Supplied data ::
^^^^

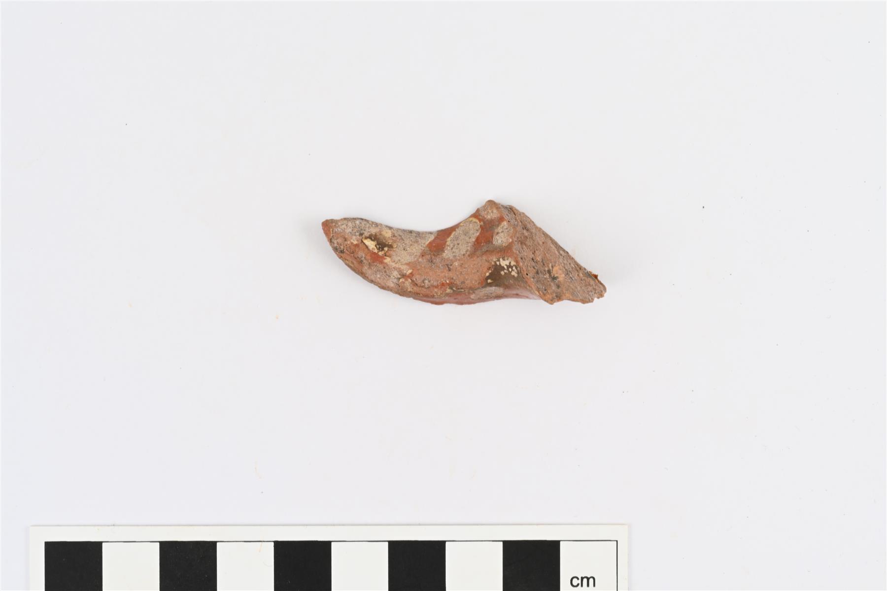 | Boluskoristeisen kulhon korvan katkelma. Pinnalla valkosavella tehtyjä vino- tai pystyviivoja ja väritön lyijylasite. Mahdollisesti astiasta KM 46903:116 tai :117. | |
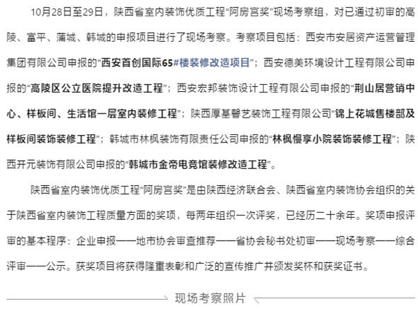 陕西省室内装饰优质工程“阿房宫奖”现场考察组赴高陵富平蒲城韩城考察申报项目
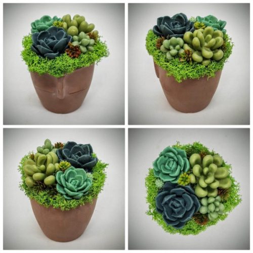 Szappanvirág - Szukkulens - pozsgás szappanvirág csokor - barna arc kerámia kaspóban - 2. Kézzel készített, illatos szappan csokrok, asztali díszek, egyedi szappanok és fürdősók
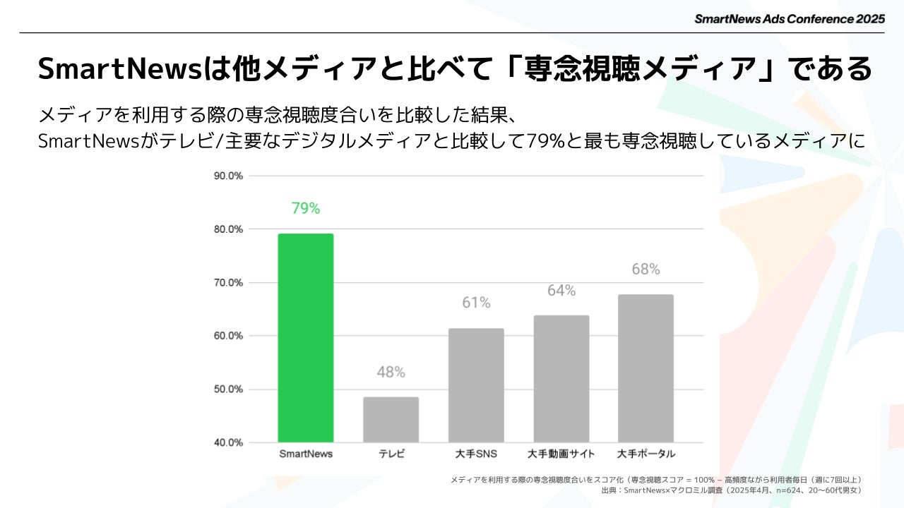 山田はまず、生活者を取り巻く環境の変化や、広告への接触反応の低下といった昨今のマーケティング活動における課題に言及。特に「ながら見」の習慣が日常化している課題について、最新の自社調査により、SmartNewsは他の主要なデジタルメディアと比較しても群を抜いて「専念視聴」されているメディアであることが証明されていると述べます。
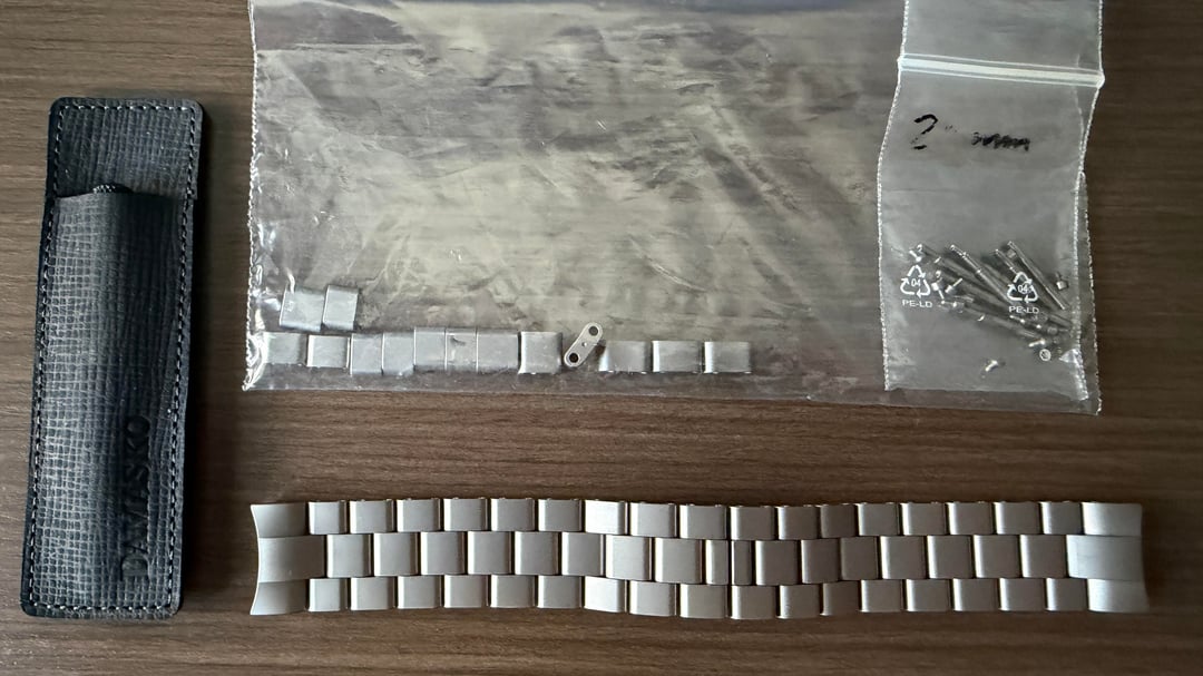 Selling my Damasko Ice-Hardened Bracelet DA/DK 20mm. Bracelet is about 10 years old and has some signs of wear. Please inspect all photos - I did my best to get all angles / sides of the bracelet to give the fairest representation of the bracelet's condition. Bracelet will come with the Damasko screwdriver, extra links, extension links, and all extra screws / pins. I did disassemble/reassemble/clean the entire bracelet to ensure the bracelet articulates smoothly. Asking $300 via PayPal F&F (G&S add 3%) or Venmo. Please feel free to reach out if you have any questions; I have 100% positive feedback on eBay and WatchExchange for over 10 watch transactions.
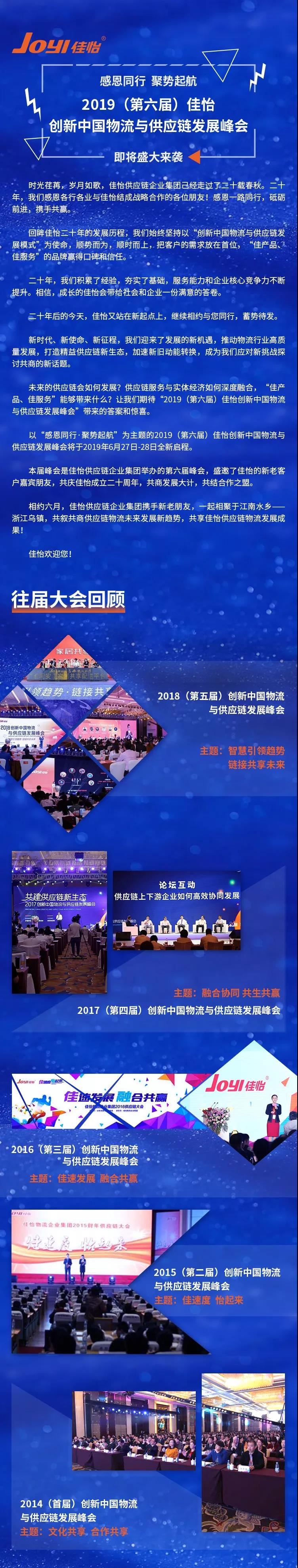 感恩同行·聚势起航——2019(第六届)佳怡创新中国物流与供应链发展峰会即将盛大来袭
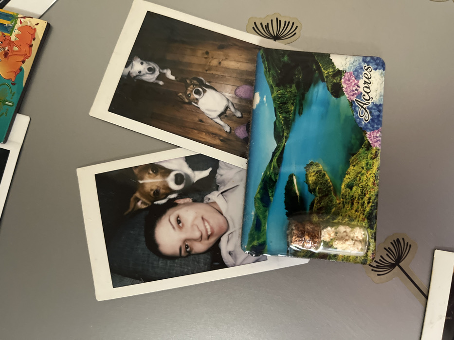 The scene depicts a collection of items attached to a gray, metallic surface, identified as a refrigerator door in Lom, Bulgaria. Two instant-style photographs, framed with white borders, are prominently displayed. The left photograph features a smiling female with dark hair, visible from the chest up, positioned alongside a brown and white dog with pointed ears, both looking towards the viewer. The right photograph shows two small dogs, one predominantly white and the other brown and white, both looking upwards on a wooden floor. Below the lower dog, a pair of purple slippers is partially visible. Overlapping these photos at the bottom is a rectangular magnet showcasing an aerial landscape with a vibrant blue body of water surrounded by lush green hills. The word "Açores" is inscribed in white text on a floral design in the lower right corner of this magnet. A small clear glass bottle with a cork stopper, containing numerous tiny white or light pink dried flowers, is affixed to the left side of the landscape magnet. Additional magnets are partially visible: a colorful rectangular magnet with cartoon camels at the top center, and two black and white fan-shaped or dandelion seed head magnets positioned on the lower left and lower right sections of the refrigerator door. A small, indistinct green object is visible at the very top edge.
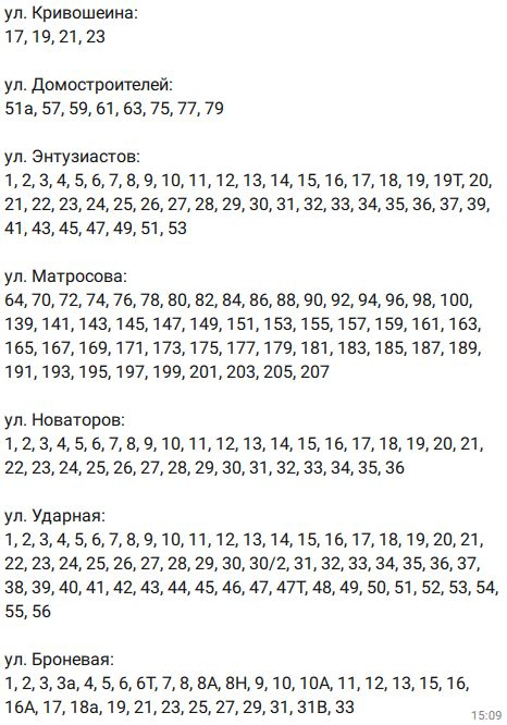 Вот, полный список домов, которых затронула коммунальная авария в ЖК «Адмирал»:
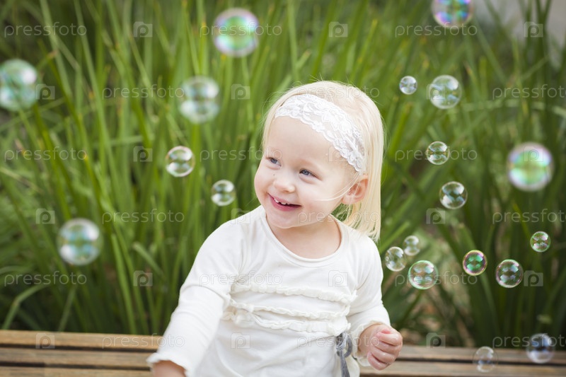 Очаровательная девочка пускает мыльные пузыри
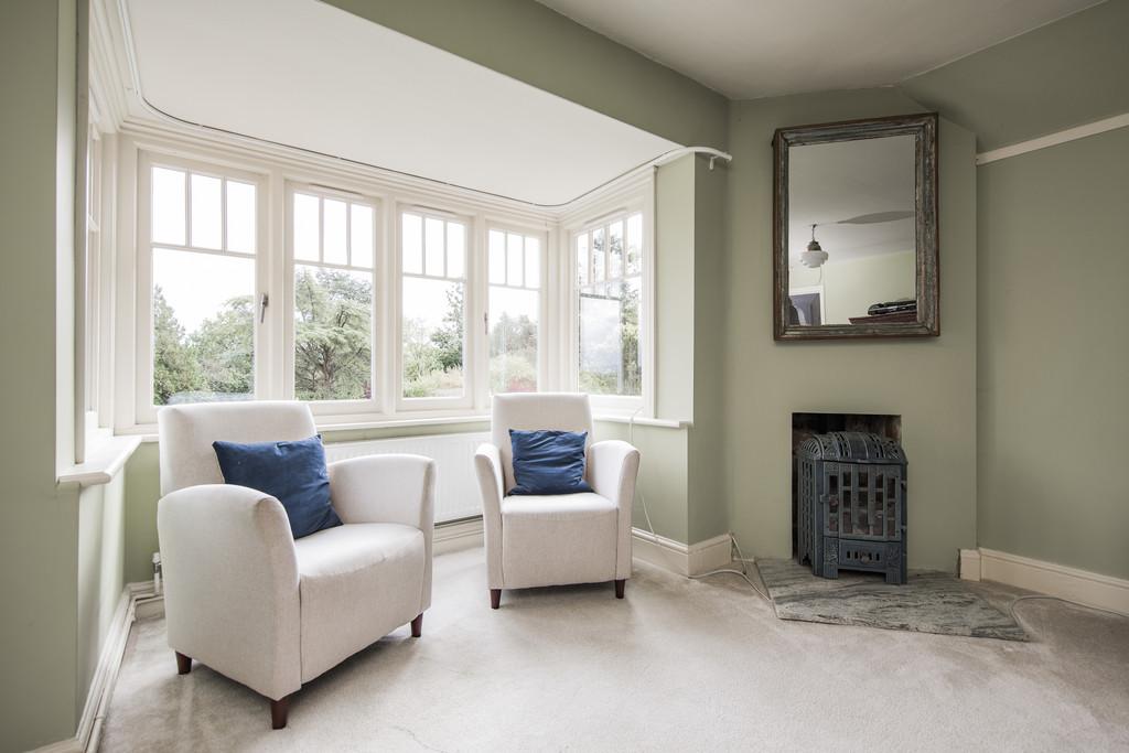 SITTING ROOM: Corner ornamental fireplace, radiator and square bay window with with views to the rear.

^^^^

Activity :: Once the line containing "Вот, полный список" is found, write out exactly that line and each line after it through the end of the entries, omitting pictures.

Task solution ::
 Вот, полный список домов, которых затронула коммунальная авария в ЖК «Адмирал»:
 Очаровательная девочка пускает мыльные пузыри
 SITTING ROOM: Corner ornamental fireplace, radiator and square bay window with with views to the rear.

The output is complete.